Originally Posted by Craka
I think I'm on the right track here, but am not sure if I can tidy it up any better and also if its the correct answer

$\displaystyle \begin{array}{l} y' = y^2 \sin x \\ \frac{{dy}}{{dx}} = y^2 \sin x \\ \int {\frac{{dy}}{{y^2 }} = \int {(\sin x)dx} } \\ \int {(y^{ - 2} )dy = } \int {(\sin x)dx} \\ \frac{{y^{ - 1} }}{{ - 1}} = - \cos x + c \\ \frac{{ - 1}}{y} = - \cos x + c \\ y = \frac{1}{{\cos x + c}} \\ \end{array}$

Where c is my constant.

Yup, it's correct.

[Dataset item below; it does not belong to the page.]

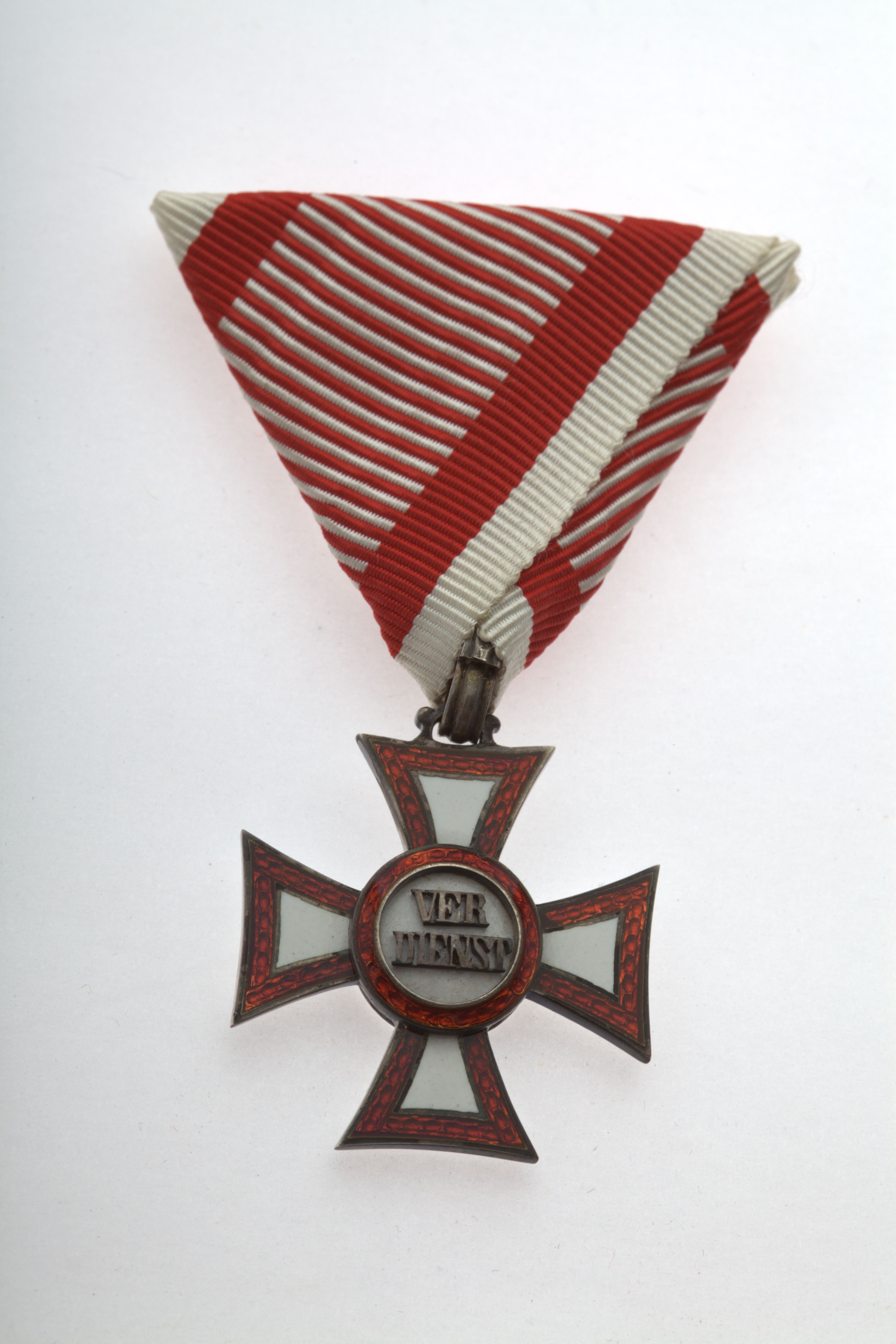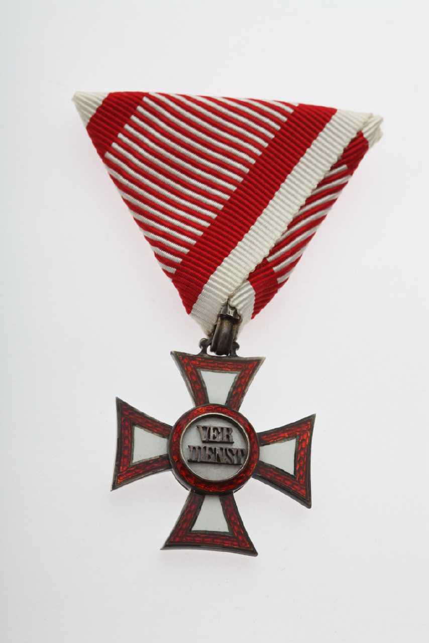 Militært fortjenstkors af tredje klasse fra Østrig-Ungarn, der er stiftet d. 22/10 1849. Korset er i denne form uddelt fra 1860 til 1918. På forsiden af korset ses følgende indskrift "Verdienst". Båndet til korset er sandsynligvis rødt med hvide kanter og hvide tværribber. Tøjhusmuseet, medalje.

And I don't think you can get a more friendly thing... ^^
• Mar 18th 2009, 02:46 AM
Craka
awesome thanks moo
• Mar 18th 2009, 04:02 AM
mr fantastic
Quote:

Originally Posted by Craka
I think I'm on the right track here, but am not sure if I can tidy it up any better

$\displaystyle \begin{array}{l} y' = y^2 \sin x \\ \frac{{dy}}{{dx}} = y^2 \sin x \\ \int {\frac{{dy}}{{y^2 }} = \int {(\sin x)dx} } \\ \int {(y^{ - 2} )dy = } \int {(\sin x)dx} \\ \frac{{y^{ - 1} }}{{ - 1}} = - \cos x + c \\ \frac{{ - 1}}{y} = - \cos x + c \\ y = \frac{1}{{\cos x + c}} \\ \end{array}$

Where c is my constant.

Looks OK (apart from a small and inconsequential mistake that is unimportant).